By Kosaku Narioka
Honda Motor cut its annual earnings forecasts after a weak first half, flagging slumping car sales in China and Southeast Asia and a nearly $1 billion drag due to a shortage of chips from Dutch supplier Nexperia.
Executive Vice President Noriya Kaihara said the semiconductor crunch had affected production in North America since last Monday. He said the carmaker is working to restore production in the week of Nov. 21, as shipments of Nexperia chips from China appear to be resuming. China's Commerce Ministry said earlier this month that the country would permit exports of Nexperia chips in eligible cases, without specifying the criteria.
The Japanese automaker on Friday estimated an operating profit hit of 150.0 billion yen, equivalent to $980 million, from the chip shortage for the year through March.
Honda also lowered its car sales forecast, blaming weaker sales in Asia and the chip crunch amid a dispute between the Dutch and Chinese governments over control of the semiconductor maker.
Kaihara said that demand is weaker in some Southeast Asian nations and that competition is intensifying in countries like Thailand as rival carmakers offer sales incentives and cut auto prices to compete with emerging Chinese players. The company needs to make drastic changes in Asia to address weak sales, he said.
Honda now expects group car sales of 3.34 million units this fiscal year, down from 3.62 million forecast previously. First-half sales dropped 5.6% to 1.68 million vehicles.
Tariffs remained a drag on results, with U.S. duties reducing operating profit by Y164.3 billion for the six months ended September, the company said. However, it projected a smaller tariff burden of Y385.0 billion for the fiscal year versus a previous estimate of Y450.0 billion.
Honda's stock has lagged behind the broader market as U.S. tariffs clouded its earnings outlook. Its shares are up about 3% this year compared with the benchmark Nikkei Stock Average's roughly 26% gain.
The automaker said Friday that first-half net profit fell 37% from a year earlier to Y311.83 billion. That missed the Y342.97 billion estimate of analysts in a poll by data provider Quick. Revenue declined 1.5% to Y10.633 trillion.
Its motorcycle business fared better, with operating profit increasing 13% to Y368.2 billion as higher sales in Brazil and the Philippines offset a decline in Vietnam.
The company also booked Y223.7 billion in one-time electric vehicle-related expenses as it provided for losses and impairment on EVs sold in the U.S. and wrote down EV development assets due to lineup changes.
Honda said in May that it planned to cut its EV investment by some $20 billion in the coming years as the demand growth slows.
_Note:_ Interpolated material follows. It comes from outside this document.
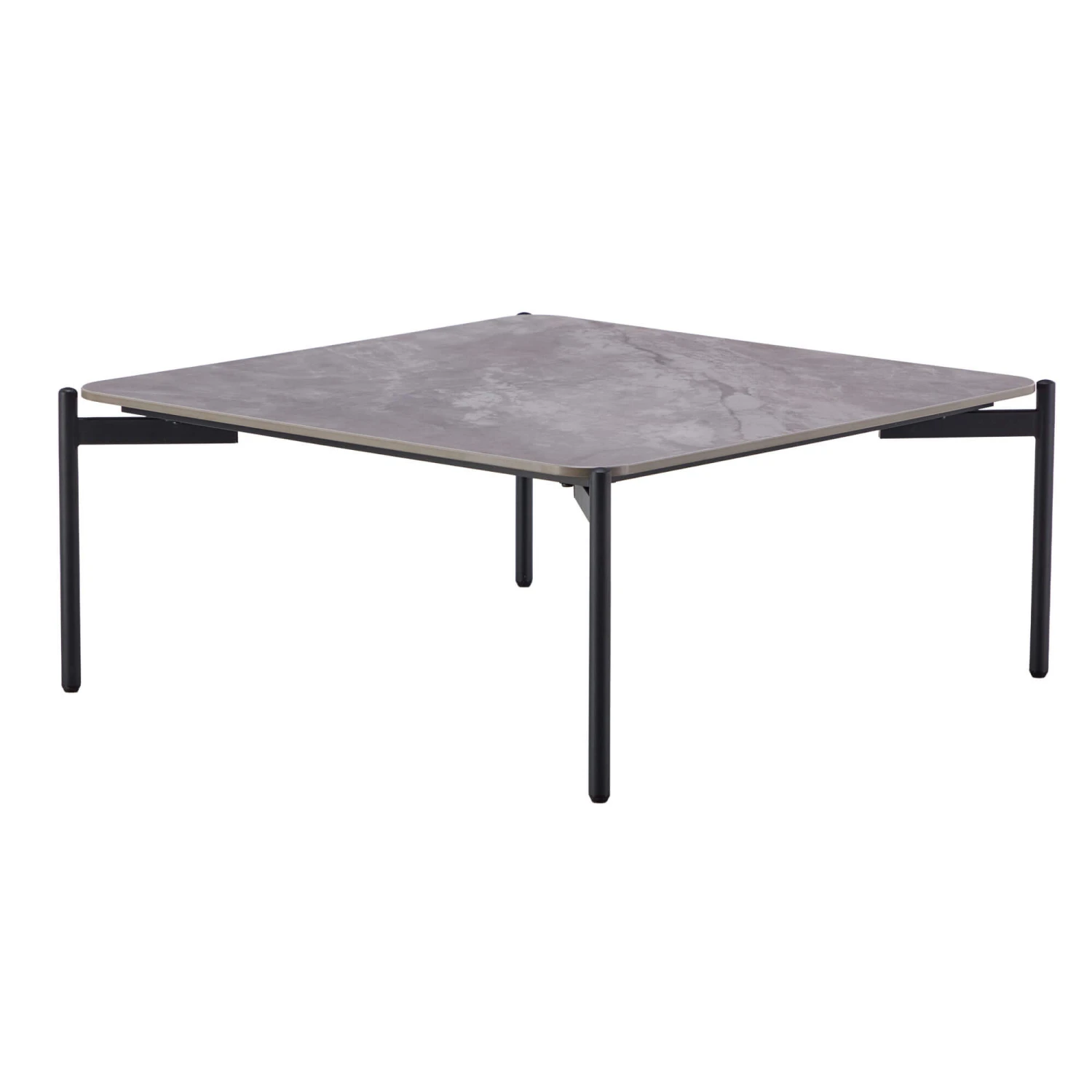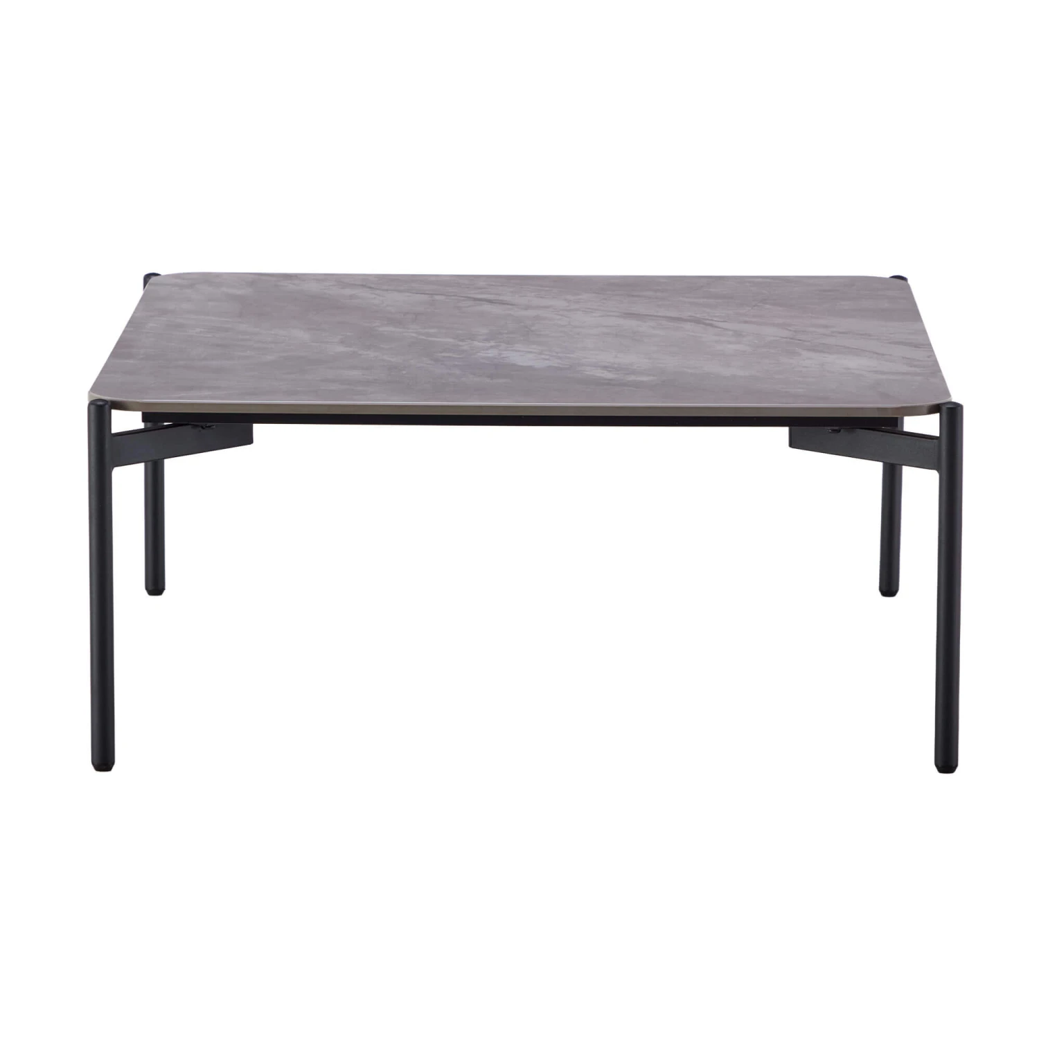 A Grey ceramic coffee table with a distinct marble effect top that is layered with a strong glass coating. The table has slender black powder-coated metal legs that exude out from the corner of the rounded table top creating additional depth and charm.

The automaker said it would improve its lineup of hybrid models. That came as some consumers in the U.S. and other markets have shifted to hybrids from pure EVs amid concerns about charging problems and higher prices associated with fully electric cars.
For the year ending March, the company projected revenue to decline 4.6% to Y20.700 trillion and net profit to drop 64% to Y300.00 billion. It previously projected revenue of Y21.100 trillion and net profit of Y420.00 billion.
Honda was the last of Japan's biggest automakers to report earnings. Earlier this week, Toyota Motor posted stronger second-quarter net profit and raised its full-year sales and earnings guidance despite an expected $9 billion blow from U.S. tariffs. On Thursday, Nissan Motor booked its fifth straight quarterly net loss, driven in part by a tariff hit of more than half a billion dollars.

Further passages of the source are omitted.